Negative ghostrider.

So far.......


----------



## kimber750 (Sep 19, 2011)

We found some today.


----------



## Derek'sDumpstersInc (Jul 13, 2014)

Looks like it is in Amarillo, TX. They've had almost 12" of snow in the last 24-36 hrs. So Amarillo has had 3 times the snow that we have had here in KCMO. REDICULOUS!


----------



## Mark Oomkes (Dec 10, 2000)

derekslawncare;1935163 said:


> Looks like it is in Amarillo, TX. They've had almost 12" of snow in the last 24-36 hrs. So Amarillo has had 3 times the snow that we have had here in KCMO. REDICULOUS!


I'd love to be down there now, drove through this past summer. Beautiful country.

Makes me realize how much I hate trees.


----------



## Dogplow Dodge (Jan 23, 2012)

Mother nature is obviously a cruel and heartless *****


----------



## Derek'sDumpstersInc (Jul 13, 2014)

Mark Oomkes;1935184 said:


> I'd love to be down there now, drove through this past summer. Beautiful country.
> 
> Makes me realize how much I hate trees.


Yeah, I'm sitting here wondering what kind of snow equipment they have down there. Cold temps forecasted for today and tomorrow, so it's not going to melt off til the weekend. Haven't seen anything on the news about it closing the city down and wrecks everywhere. It would be a 9 hr drive for me plus time to get the truck put together, so probably could be down there by about 8 pm. The thought of doing all that without KNOWING I would have work to do once I got there scares me though. I would have to make about $2k for it to be worth my time and expenses, and I just don't know that that would be possible without having something lined up ahead of time, and I don't know how one would go about getting work lined up from two states away.


----------



## kimber750 (Sep 19, 2011)

derekslawncare;1935226 said:


> Yeah, I'm sitting here wondering what kind of snow equipment they have down there. Cold temps forecasted for today and tomorrow, so it's not going to melt off til the weekend. Haven't seen anything on the news about it closing the city down and wrecks everywhere. It would be a 9 hr drive for me plus time to get the truck put together, so probably could be down there by about 8 pm. The thought of doing all that without KNOWING I would have work to do once I got there scares me though. I would have to make about $2k for it to be worth my time and expenses, and I just don't know that that would be possible without having something lined up ahead of time, and I don't know how one would go about getting work lined up from two states away.

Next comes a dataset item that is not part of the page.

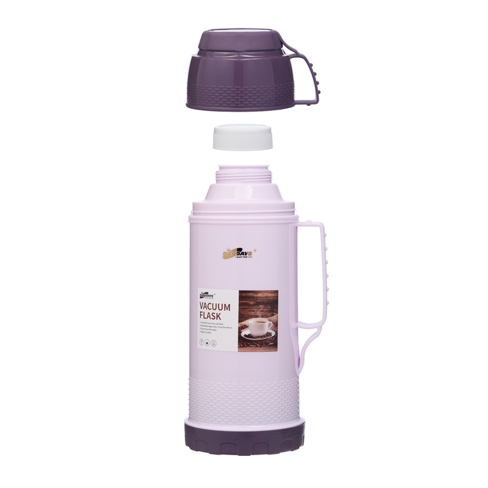 Термос 1.8 л, со стеклянной колбой, сохраняет тепло 12 ч, с кружкой, сиреневый

Texas doesn't handle snow or ice well. Little sister lives there and the smallest amount of either shuts their town down.


----------



## Derek'sDumpstersInc (Jul 13, 2014)

kimber750;1935543 said:


> Texas doesn't handle snow or ice well. Little sister lives there and the smallest amount of either shuts their town down.


Well, I chickened out and didn't go. Trying to put house up for sale and have a lot to do around the house to get it ready for listing. I LOVE YOUR PHOTO. I did grow up in Arlington (half way between Fort Worth and Dallas) and I remember as a little kid, we didn't see too much snow. What we did get a lot of was freezing rain, so the DOT would sand the roads for traction, but it didn't melt off until it warmed up. So yeah, when we got that, I remember it wreaking havoc. I also had parents that both worked for the airlines, so needless to say, fowl winter weather WASN'T appreciated.


----------



## lawn king (Nov 21, 2004)

I found it, two feet of it that is, on its way to us tomorrow! Lock n load!


----------



## grandview (Oct 9, 2005)

lawn king;1938728 said:


> I found it, two feet of it that is, on its way to us tomorrow! Lock n load!


Lets see how you feel on Wednesday.


----------



## lawn king (Nov 21, 2004)

I will gladly deal with it as we have had next to nothing this season, That being said. I would much rather get 3 to 4" events twice per week. The small events are easier on the equipment,help, fuel bill and the boss!


----------



## Dogplow Dodge (Jan 23, 2012)

grandview;1938730 said:


> Lets see how you feel on Wednesday.


That's what I'm worried about.


----------



## Kevin_NJ (Jul 24, 2003)

I expect to feel exhausted by Wednesday. Hopefully that will be the worst of it.


----------



## lawn king (Nov 21, 2004)

Plowing this beast is only half the battle, i expect 24 to 30 consecutive hours of loader work following the storm! Forecast for friday is additional snow!


----------



## lawn king (Nov 21, 2004)

We got hammered with 26'" monday, another 8-12" on the way sunday pm!!!!


----------



## lawn king (Nov 21, 2004)

71" in the last 3 weeks and 8-12" (blizzard conditions) tonight! Crazy/


----------